Vila Velha (ES) – O planeta enfrenta um cenário de vulnerabilidade crescente com a intensificação do El Niño. A partir de agosto, o fenômeno deve atingir um estágio de maior severidade, prometendo desequilíbrios significativos na agricultura, no sistema de saúde e em populações historicamente fragilizadas. O alerta, emitido pela liderança da ONU, desenha um horizonte preocupante para o segundo semestre deste ano.
O secretário-geral António Guterres foi direto ao avaliar a situação. Para ele, o fenômeno climático chega para agir como um catalisador de riscos em um globo que já enfrenta o superaquecimento. As ondas de calor que atingem diversas regiões, os incêndios florestais de proporções drásticas e a temperatura dos oceanos alcançando marcas históricas compõem o quadro atual, que ele descreve como um planeta em chamas.
A raiz dessa instabilidade, segundo o representante da organização, reside na matriz energética global. Guterres sustenta que a persistência na exploração de carvão, petróleo e gás atua como combustível para a crise. Sem uma mudança estratégica na forma como a humanidade obtém energia, o futuro reserva condições ainda mais inflamáveis e difíceis de conter.
O desenvolvimento do El Niño ocorre em um momento de calor oceânico sem precedentes, o que torna as previsões ainda mais alarmantes. O monitoramento meteorológico indica que as anomalias nas temperaturas da superfície do mar podem chegar a superar os 2,9°C em regiões críticas. Essa margem de variação é um sinal claro de que o sistema climático está sob estresse incomum.
Enquanto o fenômeno se consolida, os efeitos já são sentidos na prática. Em áreas como Satkhira, em Bangladesh, a seca severa exemplifica a luta cotidiana de comunidades por recursos básicos, como a coleta de água. O agravamento dos padrões meteorológicos previsto para os próximos meses deve espalhar essa realidade para outras partes do globo, onde a infraestrutura não está preparada para lidar com oscilações tão bruscas.

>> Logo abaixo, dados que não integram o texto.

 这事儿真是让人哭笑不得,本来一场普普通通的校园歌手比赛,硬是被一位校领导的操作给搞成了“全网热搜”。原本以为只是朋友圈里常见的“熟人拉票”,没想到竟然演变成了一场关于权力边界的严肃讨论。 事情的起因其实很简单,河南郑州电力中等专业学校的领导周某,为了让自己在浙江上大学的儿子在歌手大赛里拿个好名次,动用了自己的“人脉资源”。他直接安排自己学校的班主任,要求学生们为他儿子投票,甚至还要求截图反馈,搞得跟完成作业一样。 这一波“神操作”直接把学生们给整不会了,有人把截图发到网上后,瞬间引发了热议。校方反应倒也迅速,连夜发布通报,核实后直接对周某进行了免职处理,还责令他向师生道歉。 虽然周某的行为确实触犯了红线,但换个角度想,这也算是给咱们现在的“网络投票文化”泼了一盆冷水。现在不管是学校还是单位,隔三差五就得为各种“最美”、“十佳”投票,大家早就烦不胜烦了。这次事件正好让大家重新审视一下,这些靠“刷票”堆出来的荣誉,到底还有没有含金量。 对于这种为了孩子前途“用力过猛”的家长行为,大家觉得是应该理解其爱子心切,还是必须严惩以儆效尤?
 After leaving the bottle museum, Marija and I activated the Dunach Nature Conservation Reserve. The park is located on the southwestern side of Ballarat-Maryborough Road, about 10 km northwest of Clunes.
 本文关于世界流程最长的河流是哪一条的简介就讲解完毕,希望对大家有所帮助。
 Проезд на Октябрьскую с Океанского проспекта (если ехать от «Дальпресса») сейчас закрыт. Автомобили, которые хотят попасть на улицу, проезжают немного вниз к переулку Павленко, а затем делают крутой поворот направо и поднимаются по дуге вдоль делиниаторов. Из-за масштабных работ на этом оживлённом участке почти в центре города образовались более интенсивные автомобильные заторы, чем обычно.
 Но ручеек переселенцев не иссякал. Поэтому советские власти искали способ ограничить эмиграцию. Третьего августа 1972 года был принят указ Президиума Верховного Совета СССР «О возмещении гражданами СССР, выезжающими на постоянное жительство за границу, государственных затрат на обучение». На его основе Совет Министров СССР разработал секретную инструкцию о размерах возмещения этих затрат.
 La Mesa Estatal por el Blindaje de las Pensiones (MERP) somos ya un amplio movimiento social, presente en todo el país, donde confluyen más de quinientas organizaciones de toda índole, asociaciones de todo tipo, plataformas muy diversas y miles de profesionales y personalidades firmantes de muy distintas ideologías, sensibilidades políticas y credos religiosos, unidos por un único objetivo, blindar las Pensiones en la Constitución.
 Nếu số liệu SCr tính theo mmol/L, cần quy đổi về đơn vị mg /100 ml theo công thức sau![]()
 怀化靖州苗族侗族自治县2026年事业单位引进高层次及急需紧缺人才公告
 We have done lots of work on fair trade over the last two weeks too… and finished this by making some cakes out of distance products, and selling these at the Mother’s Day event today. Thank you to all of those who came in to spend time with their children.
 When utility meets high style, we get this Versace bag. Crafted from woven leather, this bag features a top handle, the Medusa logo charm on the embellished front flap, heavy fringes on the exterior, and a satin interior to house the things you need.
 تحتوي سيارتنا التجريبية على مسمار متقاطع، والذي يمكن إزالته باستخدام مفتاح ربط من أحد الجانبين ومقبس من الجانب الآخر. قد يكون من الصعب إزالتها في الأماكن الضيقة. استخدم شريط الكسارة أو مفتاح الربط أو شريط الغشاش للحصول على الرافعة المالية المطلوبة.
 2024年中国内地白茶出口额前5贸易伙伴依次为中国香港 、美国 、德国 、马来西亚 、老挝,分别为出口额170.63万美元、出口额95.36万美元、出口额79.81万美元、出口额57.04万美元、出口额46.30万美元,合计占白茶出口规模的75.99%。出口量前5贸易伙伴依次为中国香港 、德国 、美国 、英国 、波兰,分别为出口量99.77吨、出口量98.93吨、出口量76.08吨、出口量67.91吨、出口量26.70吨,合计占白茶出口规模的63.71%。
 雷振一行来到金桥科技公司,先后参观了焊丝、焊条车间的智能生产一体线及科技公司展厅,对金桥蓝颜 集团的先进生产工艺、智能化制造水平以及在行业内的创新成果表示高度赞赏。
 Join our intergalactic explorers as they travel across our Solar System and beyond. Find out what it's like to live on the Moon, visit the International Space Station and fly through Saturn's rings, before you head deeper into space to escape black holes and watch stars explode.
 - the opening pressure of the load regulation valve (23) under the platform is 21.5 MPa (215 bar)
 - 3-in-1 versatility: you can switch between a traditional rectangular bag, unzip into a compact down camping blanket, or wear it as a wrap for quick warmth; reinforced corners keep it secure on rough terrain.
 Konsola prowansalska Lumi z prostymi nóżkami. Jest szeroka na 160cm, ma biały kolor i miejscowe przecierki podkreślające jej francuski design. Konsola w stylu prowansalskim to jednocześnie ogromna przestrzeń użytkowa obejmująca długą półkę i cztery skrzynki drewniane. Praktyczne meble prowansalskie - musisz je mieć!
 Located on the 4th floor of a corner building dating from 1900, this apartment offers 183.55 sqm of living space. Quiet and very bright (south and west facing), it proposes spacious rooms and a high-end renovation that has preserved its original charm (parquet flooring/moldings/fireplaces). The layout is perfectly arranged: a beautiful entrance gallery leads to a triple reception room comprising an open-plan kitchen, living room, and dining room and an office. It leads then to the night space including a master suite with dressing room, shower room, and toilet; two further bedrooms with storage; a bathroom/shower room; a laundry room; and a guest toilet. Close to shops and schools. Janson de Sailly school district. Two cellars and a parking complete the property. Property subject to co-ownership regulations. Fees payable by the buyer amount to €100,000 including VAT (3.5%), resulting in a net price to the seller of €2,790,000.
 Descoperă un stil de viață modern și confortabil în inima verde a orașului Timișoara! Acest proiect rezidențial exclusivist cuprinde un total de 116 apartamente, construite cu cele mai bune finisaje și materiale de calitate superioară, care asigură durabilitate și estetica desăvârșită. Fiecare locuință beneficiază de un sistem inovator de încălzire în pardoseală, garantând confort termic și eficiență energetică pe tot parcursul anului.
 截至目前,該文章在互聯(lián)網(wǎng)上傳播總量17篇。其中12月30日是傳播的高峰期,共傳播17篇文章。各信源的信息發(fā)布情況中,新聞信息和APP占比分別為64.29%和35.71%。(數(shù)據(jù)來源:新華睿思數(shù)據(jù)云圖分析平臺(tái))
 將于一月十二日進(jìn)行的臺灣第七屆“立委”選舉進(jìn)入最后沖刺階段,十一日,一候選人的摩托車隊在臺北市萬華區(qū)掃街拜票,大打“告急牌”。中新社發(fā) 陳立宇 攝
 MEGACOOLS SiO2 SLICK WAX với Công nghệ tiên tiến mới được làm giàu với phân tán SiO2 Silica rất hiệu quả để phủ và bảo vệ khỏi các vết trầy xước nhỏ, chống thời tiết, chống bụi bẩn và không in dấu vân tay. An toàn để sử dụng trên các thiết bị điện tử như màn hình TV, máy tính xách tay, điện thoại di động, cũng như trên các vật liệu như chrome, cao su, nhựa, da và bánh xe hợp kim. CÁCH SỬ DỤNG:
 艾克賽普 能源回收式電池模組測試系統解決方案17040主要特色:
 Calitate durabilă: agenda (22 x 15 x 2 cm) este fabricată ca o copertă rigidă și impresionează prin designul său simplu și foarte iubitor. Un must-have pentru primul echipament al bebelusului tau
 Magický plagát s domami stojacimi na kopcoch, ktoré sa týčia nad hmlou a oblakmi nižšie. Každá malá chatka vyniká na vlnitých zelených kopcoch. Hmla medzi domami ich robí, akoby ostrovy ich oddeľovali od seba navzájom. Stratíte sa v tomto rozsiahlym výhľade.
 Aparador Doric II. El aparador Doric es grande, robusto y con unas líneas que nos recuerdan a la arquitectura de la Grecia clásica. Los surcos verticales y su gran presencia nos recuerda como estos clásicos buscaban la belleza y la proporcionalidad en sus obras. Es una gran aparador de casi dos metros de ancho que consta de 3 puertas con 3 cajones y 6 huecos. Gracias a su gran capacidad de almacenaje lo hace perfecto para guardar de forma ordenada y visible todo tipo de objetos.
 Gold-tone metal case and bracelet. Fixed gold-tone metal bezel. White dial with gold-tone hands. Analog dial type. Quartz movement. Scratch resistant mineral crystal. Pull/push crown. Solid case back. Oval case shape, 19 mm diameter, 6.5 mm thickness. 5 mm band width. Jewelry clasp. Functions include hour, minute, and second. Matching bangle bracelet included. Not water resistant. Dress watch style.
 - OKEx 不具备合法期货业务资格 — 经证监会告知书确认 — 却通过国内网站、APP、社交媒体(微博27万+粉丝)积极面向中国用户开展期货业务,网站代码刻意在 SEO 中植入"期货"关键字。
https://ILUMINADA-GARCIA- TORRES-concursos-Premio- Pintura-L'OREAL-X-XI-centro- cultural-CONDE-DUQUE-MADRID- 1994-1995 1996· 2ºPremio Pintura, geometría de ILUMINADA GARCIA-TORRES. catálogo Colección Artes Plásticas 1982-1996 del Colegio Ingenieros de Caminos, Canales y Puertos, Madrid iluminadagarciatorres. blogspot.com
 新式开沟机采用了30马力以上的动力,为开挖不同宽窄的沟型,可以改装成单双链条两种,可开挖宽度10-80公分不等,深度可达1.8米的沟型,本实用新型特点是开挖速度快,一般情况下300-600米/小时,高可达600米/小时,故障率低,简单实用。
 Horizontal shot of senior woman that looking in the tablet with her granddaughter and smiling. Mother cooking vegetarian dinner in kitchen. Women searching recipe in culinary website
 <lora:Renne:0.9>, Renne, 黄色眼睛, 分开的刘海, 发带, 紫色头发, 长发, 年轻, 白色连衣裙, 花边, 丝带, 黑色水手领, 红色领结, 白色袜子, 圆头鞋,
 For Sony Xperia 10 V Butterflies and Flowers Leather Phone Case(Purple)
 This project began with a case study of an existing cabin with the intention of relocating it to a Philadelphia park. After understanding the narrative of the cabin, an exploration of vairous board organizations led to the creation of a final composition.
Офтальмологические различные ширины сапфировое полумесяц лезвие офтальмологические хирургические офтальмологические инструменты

O que se observa é uma combinação perigosa entre o ciclo natural do El Niño e o efeito estufa potencializado pela ação humana. O resultado esperado é um período marcado por extremos que vão exigir respostas rápidas de governos e organismos internacionais. A questão que fica para os meses que se seguem não é apenas se o fenômeno será forte, mas quão resilientes serão as sociedades frente a esse novo patamar de anomalia térmica.